Work to complete - After locating the line that contains "- Pada tab biaya" in the records below, write out exactly that line and each line after it through the one that contains "of shapes together.", and nothing else.

Exercise data -
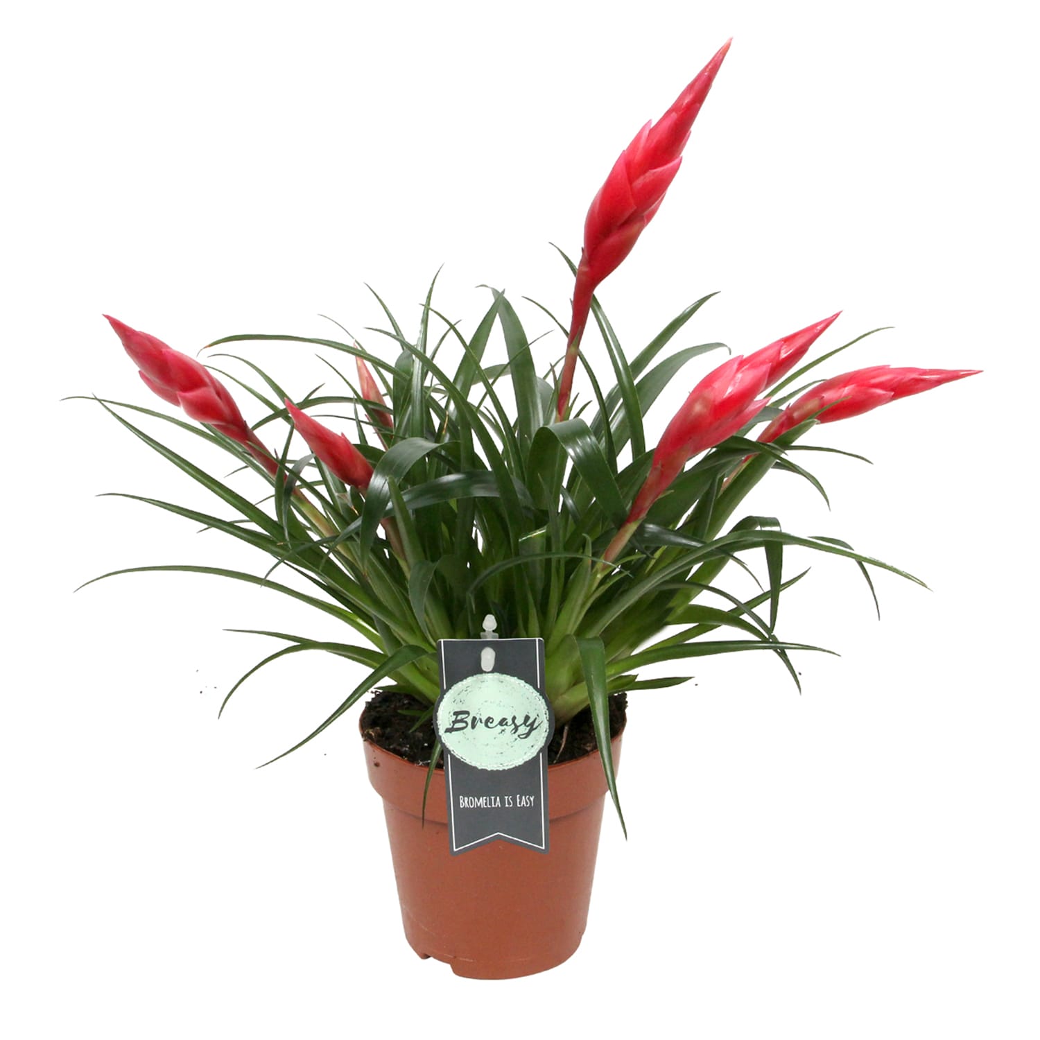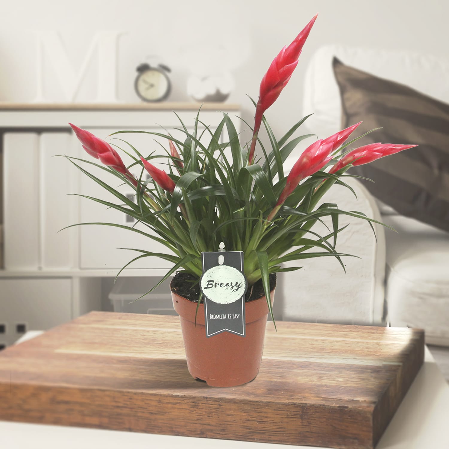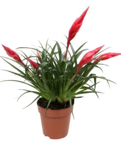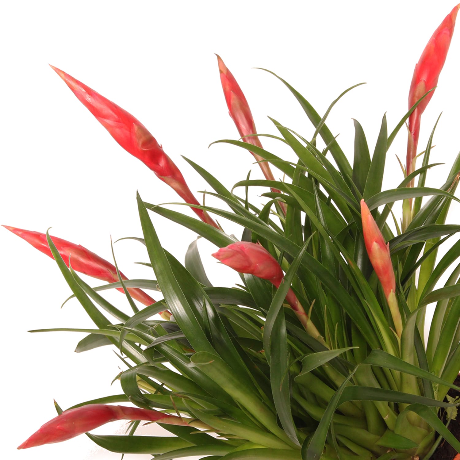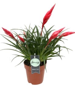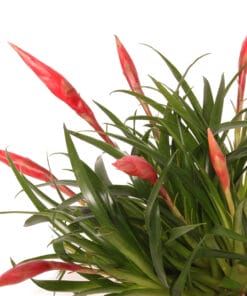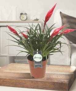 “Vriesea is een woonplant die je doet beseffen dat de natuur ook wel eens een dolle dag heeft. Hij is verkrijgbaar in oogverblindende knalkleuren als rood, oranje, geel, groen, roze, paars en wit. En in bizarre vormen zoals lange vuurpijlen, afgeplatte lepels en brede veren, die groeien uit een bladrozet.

...

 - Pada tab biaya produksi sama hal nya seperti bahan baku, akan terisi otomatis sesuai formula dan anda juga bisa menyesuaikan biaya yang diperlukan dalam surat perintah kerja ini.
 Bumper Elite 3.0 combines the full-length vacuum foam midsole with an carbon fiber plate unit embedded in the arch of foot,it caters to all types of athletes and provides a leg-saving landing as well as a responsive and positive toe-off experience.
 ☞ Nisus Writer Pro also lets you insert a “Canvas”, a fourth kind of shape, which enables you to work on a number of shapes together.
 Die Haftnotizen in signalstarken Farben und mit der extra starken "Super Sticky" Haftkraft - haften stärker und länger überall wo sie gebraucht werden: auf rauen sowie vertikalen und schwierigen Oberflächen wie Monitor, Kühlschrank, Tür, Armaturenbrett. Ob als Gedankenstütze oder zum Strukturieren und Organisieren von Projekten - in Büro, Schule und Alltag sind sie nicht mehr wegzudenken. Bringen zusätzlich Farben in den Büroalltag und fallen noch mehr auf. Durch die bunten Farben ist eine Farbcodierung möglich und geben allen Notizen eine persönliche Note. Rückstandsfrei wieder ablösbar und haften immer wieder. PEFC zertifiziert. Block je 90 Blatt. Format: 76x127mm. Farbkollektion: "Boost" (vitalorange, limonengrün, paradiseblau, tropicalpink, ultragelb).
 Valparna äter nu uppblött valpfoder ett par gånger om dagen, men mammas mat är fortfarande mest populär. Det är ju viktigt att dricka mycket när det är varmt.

Answer to this exercise -
 - Pada tab biaya produksi sama hal nya seperti bahan baku, akan terisi otomatis sesuai formula dan anda juga bisa menyesuaikan biaya yang diperlukan dalam surat perintah kerja ini.
 Bumper Elite 3.0 combines the full-length vacuum foam midsole with an carbon fiber plate unit embedded in the arch of foot,it caters to all types of athletes and provides a leg-saving landing as well as a responsive and positive toe-off experience.
 ☞ Nisus Writer Pro also lets you insert a “Canvas”, a fourth kind of shape, which enables you to work on a number of shapes together.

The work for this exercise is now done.